* [Exercise aim] Repeat the data word for word and skip the pictures.

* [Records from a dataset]

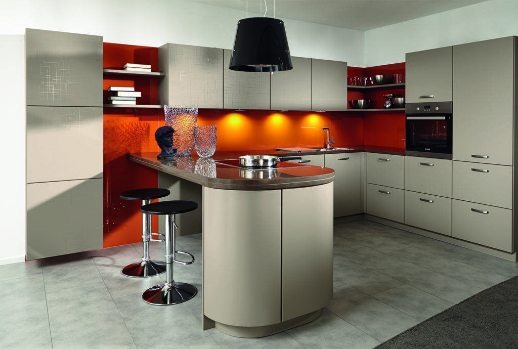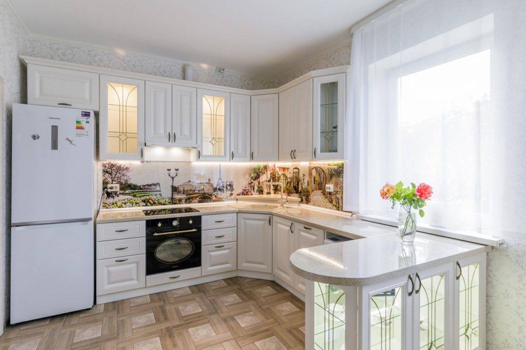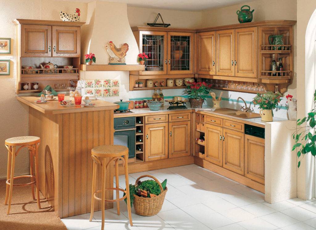 Обычно угловые кухни имеют форму буквы Г. Дополнив ее барной стойкой, можно получить более уютное и удобное для хозяйки помещение.
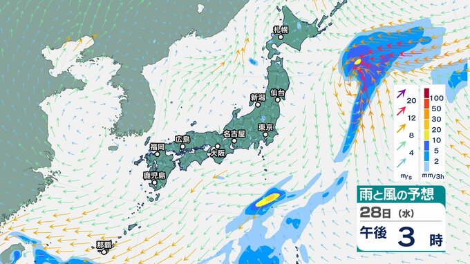 ニュースクリップ “晴れ間と雨の繰り返し”…西日本や東日本でも “梅雨の足音” 聞こえる一週間に 前線伴う低気圧の影響【雨風シミュレーション】東日本の太平洋側は大気の状態非常に不安定 北日本は26日にかけて強風や高波 2025年5月25日(日) 14:31 国内 28日(水)雨と風シミュレーション
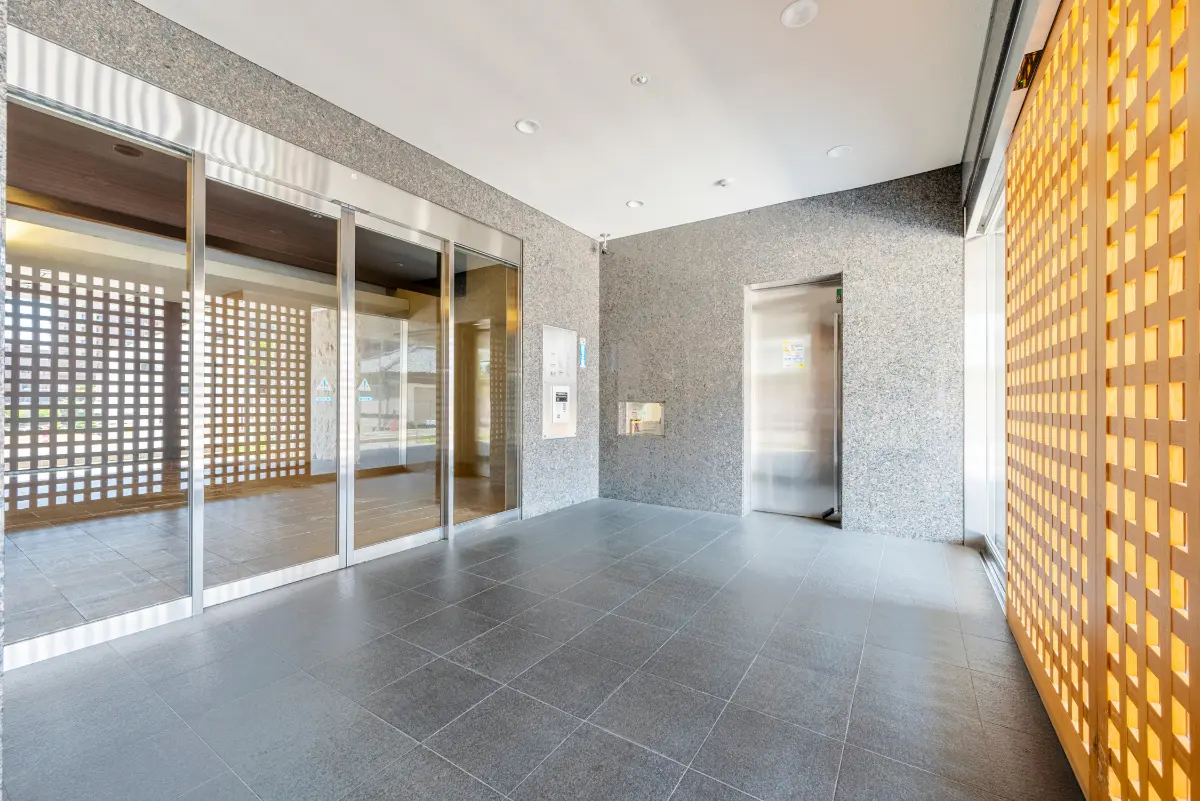 建物は吹き抜けのある開放的なエントランスが印象的。共用部も充実しており、シャッターゲート付駐車場。さらに1住戸につき1台分の駐車場が確保されています。大切なペットとも暮らせる(※規約による定めあり)のも嬉しいポイント。
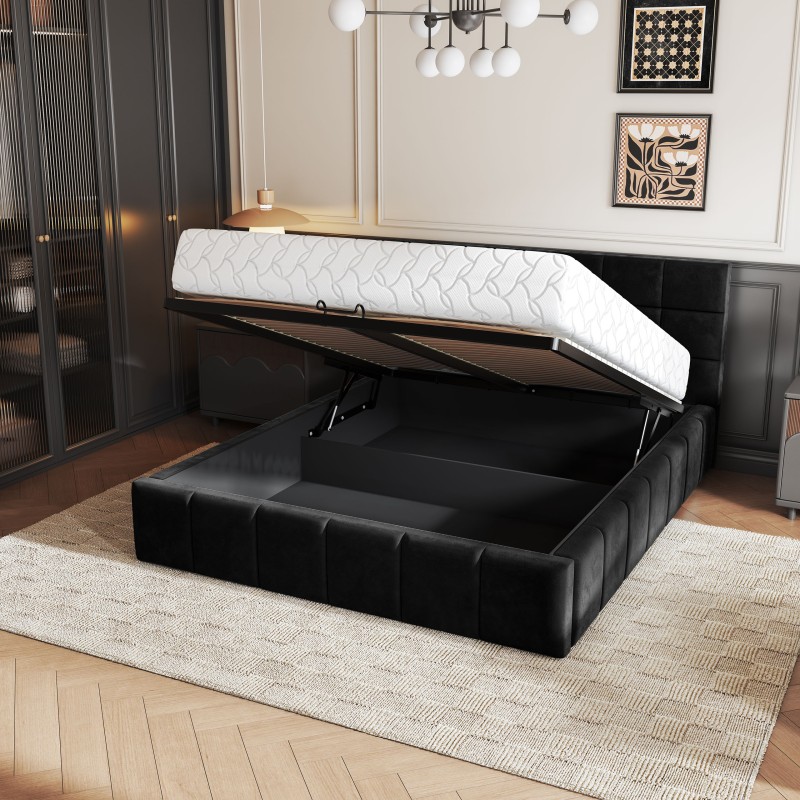 Masseno Łóżko Tapicerowane VERTO z pojemnikiem na pościel 140x200 cm - Czarny, KRONOS 07
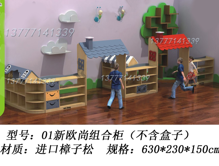 Kindergarten Zhangzi Pine Solid Wood Combo Cabinet Children Area Corner Toy Containing Cabinet Area Partition School Bag Containing Cabinet
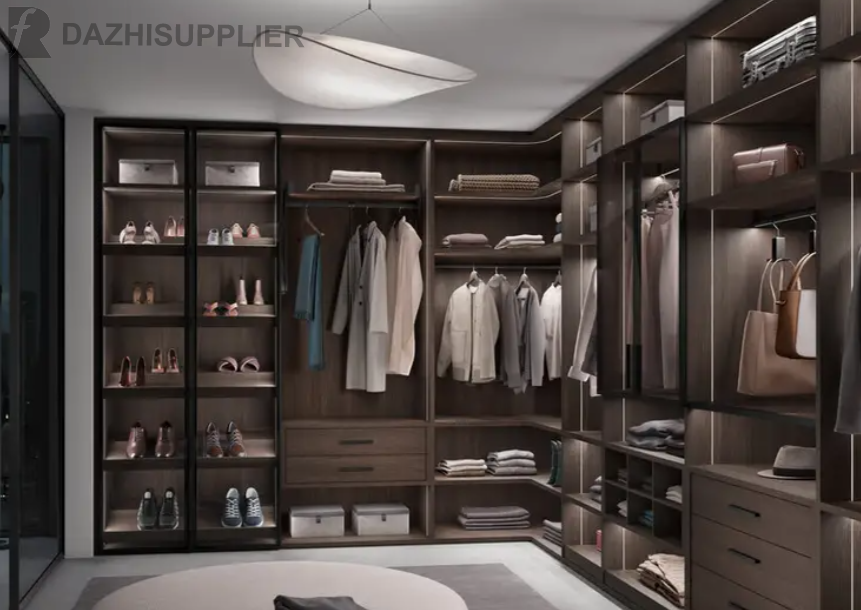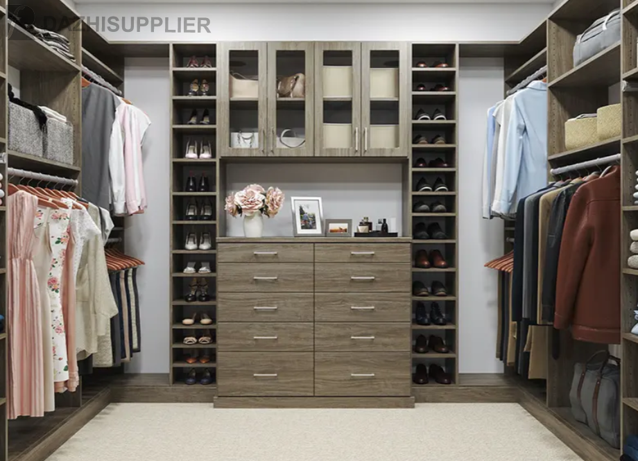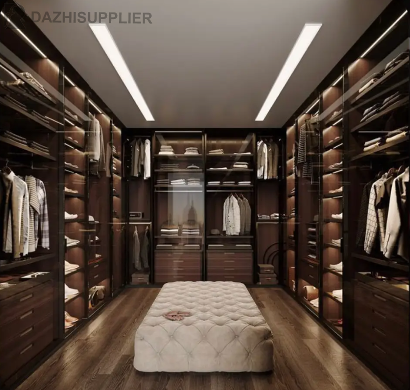 Custom Modern Walk-in Closet Wardrobe Systems Wood Bedroom Cupboards for Home Furniture for Villas.
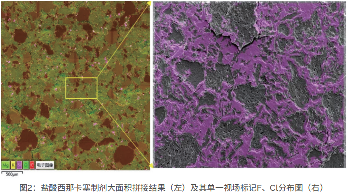 此外,牛津仪器Xplore及UltimMax系列能谱仪可以对医药制剂中的元素含量及分布进行分析。借助Aztec 分析软件的大面积拼接(Large Area Mapping, LAM)功能,可以获得样品大范围元素分布图,实现从微观到 宏观更全面的样品分析。 对盐酸西那卡塞制剂的氟(F)、氯(Cl)元素进行标记后,通过能谱仪来观察API的分布。图2左侧是盐酸西那 卡塞制剂的元素能谱大面积拼接叠加图,右侧则是提取出来的单一视场F、Cl分布图。
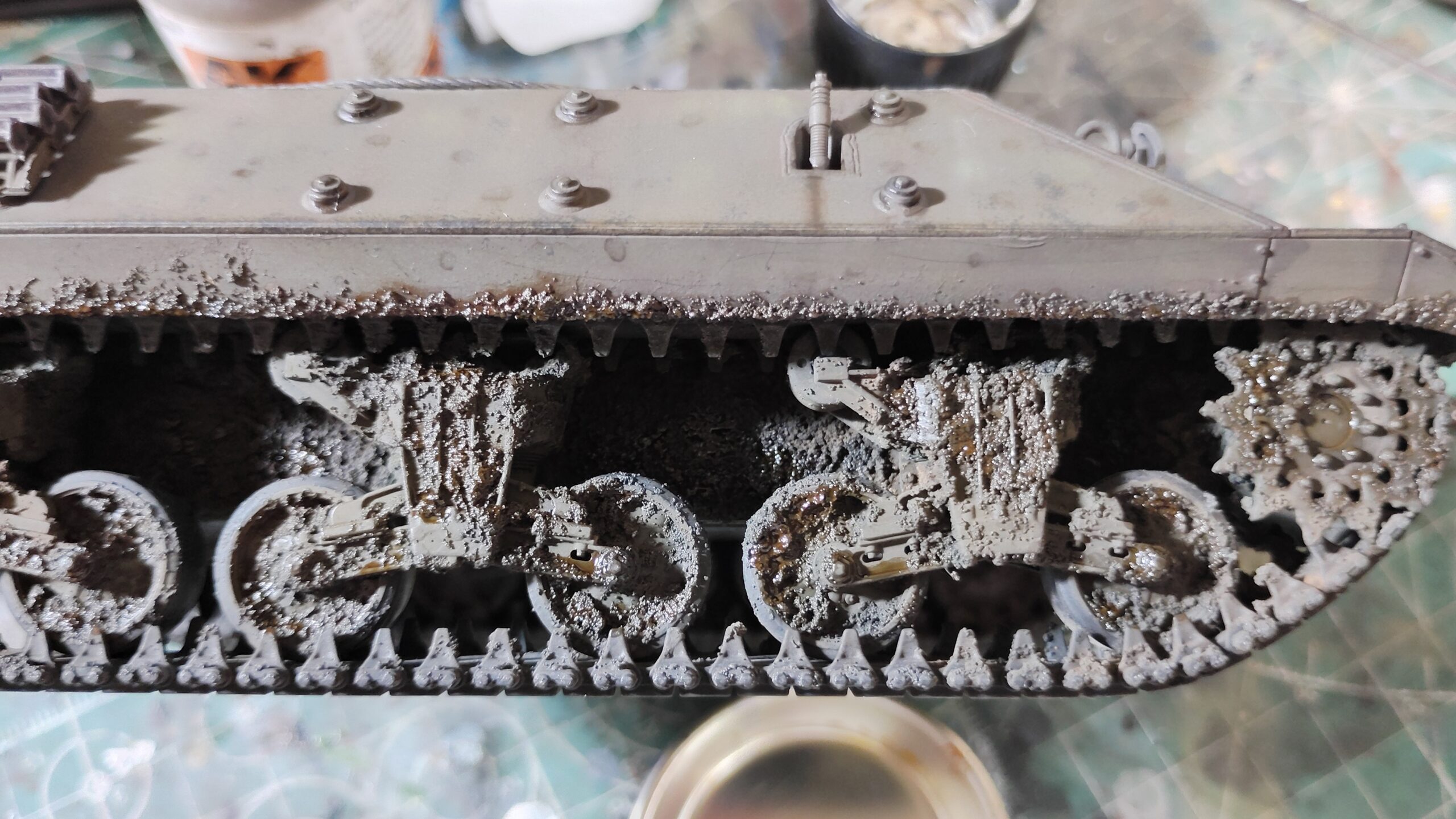 【初心者向け】簡単!タミヤテクスチャーペイントを使った泥汚れの製作方法(タミヤ 1/35 M10駆逐戦車)~⑭汚し塗装編その3~
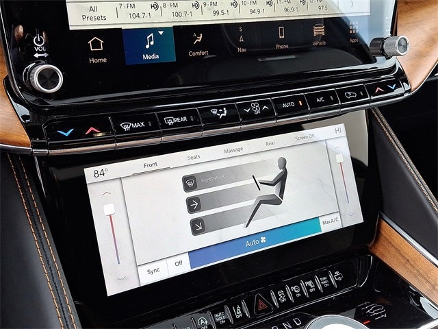 THIS VEHICLE INCLUDES THE FOLLOWING FEATURES AND OPTIONS: Two Tone Paint Group, 3.92 Rear Axle Ratio, 3rd row seats: bench, 4-Wheel Disc Brakes, ABS brakes, Adjustable pedals, Air Conditioning, Alloy wheels, AM/FM radio: SiriusXM with 360L, Anti-whiplash front head restraints, Apple CarPlay/Android Auto, Audio memory, Auto High-beam Headlights, Auto-dimming door mirrors, Auto-dimming Rear-View mirror, Auto-leveling suspension, Automatic temperature control, Brake assist, Bumpers: body-color, Compass, Delay-off headlights, Driver door bin, Driver vanity mirror, Driver's Seat Mounted Armrest, Dual front impact airbags, Dual front side impact airbags, Electronic Stability Control, Emergency communication system, Four wheel independent suspension, Front anti-roll bar, Front Bucket Seats, Front Center Armrest w/Storage, Front dual zone A/C, Front fog lights, Front reading lights, Fully automatic headlights, Garage door transmitter, Genuine wood console insert, Genuine wood dashboard insert, Genuine wood door panel insert, Heads-Up Display, Heated door mirrors, Heated front seats, Heated rear seats, Heated steering wheel, Illuminated entry, Knee airbag, Leather steering wheel, Low tire pressure warning, Memory seat, Navigation System, Night vision lights, Normal Duty Suspension, Occupant sensing airbag, Outside temperature display, Overhead airbag, Overhead console, Panic alarm, Passenger door bin, Passenger seat mounted armrest, Passenger vanity mirror, Pedal memory, Power adjustable front head restraints, Power door mirrors, Power driver seat, Power Liftgate, Power moonroof, Power passenger seat, Power steering, Power windows, Premium Leather Trimmed Bucket Seats, Radio data system, Radio: Uconnect 5 Nav w/12.0 Display, Rain sensing wipers, Rear air conditioning, Rear anti-roll bar, Rear dual zone A/C, Rear reading lights, Rear seat center armrest, Rear window defroster, Rear window wiper, Reclining 3rd row seat, Remote keyless entry, Roof rack, Security system, Speed control, Speed-sensing steering, Speed-Sensitive Wipers, Split folding rear seat, Steering wheel memory, Steering wheel mounted audio controls, Tachometer, Telescoping steering wheel, Tilt steering wheel, Traction control, Trip computer, Turn signal indicator mirrors, Variably intermittent wipers, Ventilated front seats, Ventilated rear seats, Voltmeter, and Wheels: 22 x 9.0 Premium 4 Aluminum.
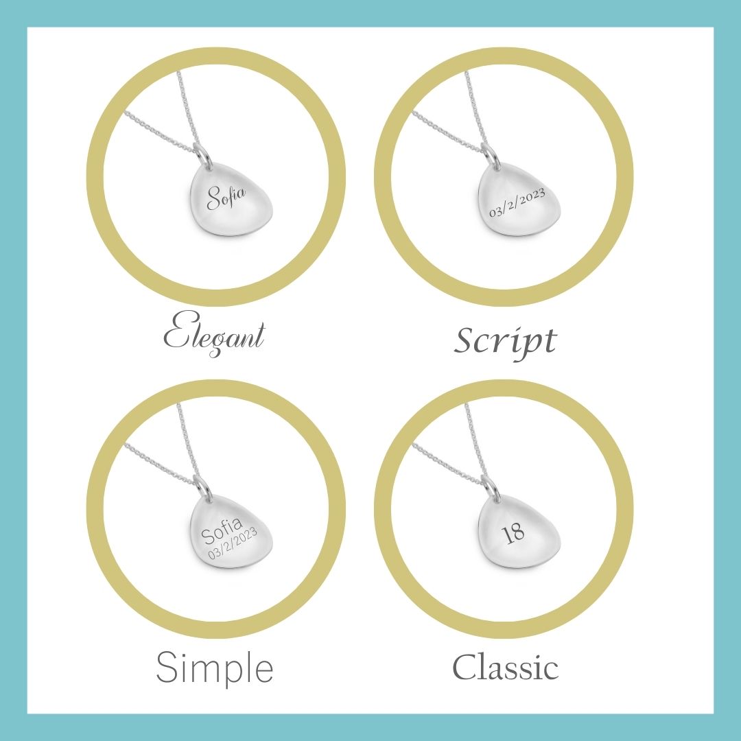 Make this pendant extra special by adding a engraved personalisation for a extra £10, simply choose your font and type your personalisation exactly as you would like it including capitals. Personalised jewellery is excluded from our exchange and returns policy. Please note delivery of engraved items can take up to 10 working days.

* [The answer]
 Обычно угловые кухни имеют форму буквы Г. Дополнив ее барной стойкой, можно получить более уютное и удобное для хозяйки помещение.
 ニュースクリップ “晴れ間と雨の繰り返し”…西日本や東日本でも “梅雨の足音” 聞こえる一週間に 前線伴う低気圧の影響【雨風シミュレーション】東日本の太平洋側は大気の状態非常に不安定 北日本は26日にかけて強風や高波 2025年5月25日(日) 14:31 国内 28日(水)雨と風シミュレーション
 建物は吹き抜けのある開放的なエントランスが印象的。共用部も充実しており、シャッターゲート付駐車場。さらに1住戸につき1台分の駐車場が確保されています。大切なペットとも暮らせる(※規約による定めあり)のも嬉しいポイント。
 Masseno Łóżko Tapicerowane VERTO z pojemnikiem na pościel 140x200 cm - Czarny, KRONOS 07
 Kindergarten Zhangzi Pine Solid Wood Combo Cabinet Children Area Corner Toy Containing Cabinet Area Partition School Bag Containing Cabinet
 Custom Modern Walk-in Closet Wardrobe Systems Wood Bedroom Cupboards for Home Furniture for Villas.
 此外,牛津仪器Xplore及UltimMax系列能谱仪可以对医药制剂中的元素含量及分布进行分析。借助Aztec 分析软件的大面积拼接(Large Area Mapping, LAM)功能,可以获得样品大范围元素分布图,实现从微观到 宏观更全面的样品分析。 对盐酸西那卡塞制剂的氟(F)、氯(Cl)元素进行标记后,通过能谱仪来观察API的分布。图2左侧是盐酸西那 卡塞制剂的元素能谱大面积拼接叠加图,右侧则是提取出来的单一视场F、Cl分布图。
 【初心者向け】簡単!タミヤテクスチャーペイントを使った泥汚れの製作方法(タミヤ 1/35 M10駆逐戦車)~⑭汚し塗装編その3~
 THIS VEHICLE INCLUDES THE FOLLOWING FEATURES AND OPTIONS: Two Tone Paint Group, 3.92 Rear Axle Ratio, 3rd row seats: bench, 4-Wheel Disc Brakes, ABS brakes, Adjustable pedals, Air Conditioning, Alloy wheels, AM/FM radio: SiriusXM with 360L, Anti-whiplash front head restraints, Apple CarPlay/Android Auto, Audio memory, Auto High-beam Headlights, Auto-dimming door mirrors, Auto-dimming Rear-View mirror, Auto-leveling suspension, Automatic temperature control, Brake assist, Bumpers: body-color, Compass, Delay-off headlights, Driver door bin, Driver vanity mirror, Driver's Seat Mounted Armrest, Dual front impact airbags, Dual front side impact airbags, Electronic Stability Control, Emergency communication system, Four wheel independent suspension, Front anti-roll bar, Front Bucket Seats, Front Center Armrest w/Storage, Front dual zone A/C, Front fog lights, Front reading lights, Fully automatic headlights, Garage door transmitter, Genuine wood console insert, Genuine wood dashboard insert, Genuine wood door panel insert, Heads-Up Display, Heated door mirrors, Heated front seats, Heated rear seats, Heated steering wheel, Illuminated entry, Knee airbag, Leather steering wheel, Low tire pressure warning, Memory seat, Navigation System, Night vision lights, Normal Duty Suspension, Occupant sensing airbag, Outside temperature display, Overhead airbag, Overhead console, Panic alarm, Passenger door bin, Passenger seat mounted armrest, Passenger vanity mirror, Pedal memory, Power adjustable front head restraints, Power door mirrors, Power driver seat, Power Liftgate, Power moonroof, Power passenger seat, Power steering, Power windows, Premium Leather Trimmed Bucket Seats, Radio data system, Radio: Uconnect 5 Nav w/12.0 Display, Rain sensing wipers, Rear air conditioning, Rear anti-roll bar, Rear dual zone A/C, Rear reading lights, Rear seat center armrest, Rear window defroster, Rear window wiper, Reclining 3rd row seat, Remote keyless entry, Roof rack, Security system, Speed control, Speed-sensing steering, Speed-Sensitive Wipers, Split folding rear seat, Steering wheel memory, Steering wheel mounted audio controls, Tachometer, Telescoping steering wheel, Tilt steering wheel, Traction control, Trip computer, Turn signal indicator mirrors, Variably intermittent wipers, Ventilated front seats, Ventilated rear seats, Voltmeter, and Wheels: 22 x 9.0 Premium 4 Aluminum.
 Make this pendant extra special by adding a engraved personalisation for a extra £10, simply choose your font and type your personalisation exactly as you would like it including capitals. Personalised jewellery is excluded from our exchange and returns policy. Please note delivery of engraved items can take up to 10 working days.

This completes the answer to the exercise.